The UK’s Marine Accident Incident Branch (MAIB) has released its report into one of the most high profile accidents of 2017.
At 11.37 on May 4 last year, the UK registered container ship CMA CGM Centaurus made heavy contact with the quay and two shore cranes while under pilotage during its arrival at Jebel Ali in the United Arab Emirates, an accident that was captured on CCTV cameras and shown first on Splash. The accident resulted in the collapse of a shore crane and 10 injuries, including one serious injury, to shore personnel.
The MAIB report, issued yesterday, states that the accident occurred because the ship was unable to attain a sufficiently high rate of turn into a basin in preparation for berthing. The pilot was unaware of the ship’s speed, and the ship’s bridge team were uncertain of the maximum speed required to complete the turn safely.
There was no agreed plan for the intended manoeuvre, and therefore no shared mental model between the bridge team and the pilot. Consequently, the pilot was operating in isolation without the support of the bridge team, allowing the pilot’s decision-making to become a single system point of failure.
“The pilot’s performance was focused on efficiency, which influenced his decision to turn the ship into the basin without ensuring that the manoeuvre was conducted at a sufficiently slow speed to enable its safe completion,” the MAIB report stated.

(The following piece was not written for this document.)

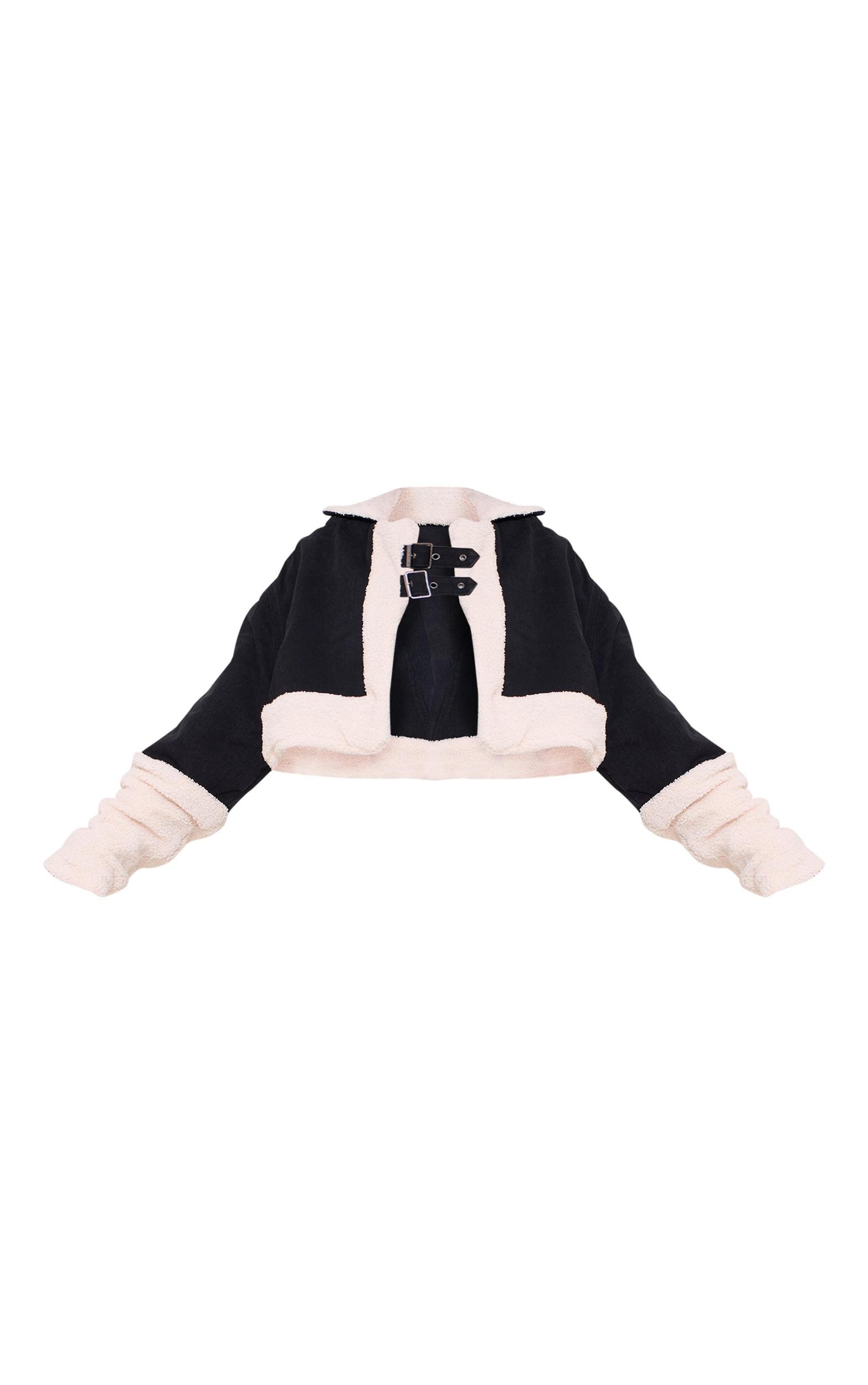 This is the perfect coat for some new season layering. Featuring a black denim material with a borg contrast detailing and a cropped aviator design, we are obsessed. Team with your outfit of the day and shoes to suit the occasion for a vibe like no other. Length approx 38cm/15 (Based on a sample size UK 8) Model wears size UK 8/ EU 36/ AUS 8/ US 4 Model Height - 5ft 8
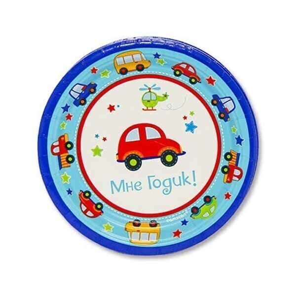 Первый день рождения сына в окружении машин и самолетов, пароходов и паровозов! В упаковке 8 ламинированных бумажных тарелок размеро м 17 см с надписью Мне Годик.

Noting safety lessons to be learned from the accident, MAIB suggested that the master/pilot exchange carried out on CMA CGM Centaurus lacked structure and detail. There was little further detail as the approach proceeded. By not actively engaging with the bridge team, the pilot effectively signalled that he did not need their assistance. The bridge team and the pilot did not have a shared mental model for the intended manoeuvre.
DP World’s flagship port, Jebel Ali, also came in for flak from the report. By not requiring its newly recruited pilots to undertake BRM-P training, Jebel Ali port authority missed the opportunity to both emphasise its commitment to the effective integration of its pilots with bridge teams, and ensure its pilots were trained/refreshed in the principles of BRM, MAIB claimed.
“Despite extensive industry guidance, there continues to be a reluctance by masters and pilots to work together in accordance with the principles of BRM,” the report noted.
Many of the factors in this accident can be attributed to a focus on completing acts of pilotage as quickly as possible, MAIB maintained, elaborating: “The priorities set at senior management level have a significant impact on the safety culture of a port, and there is a need to recognise that time-pressure, in the quest for terminal efficiency or financial reward, can have a negative effect.”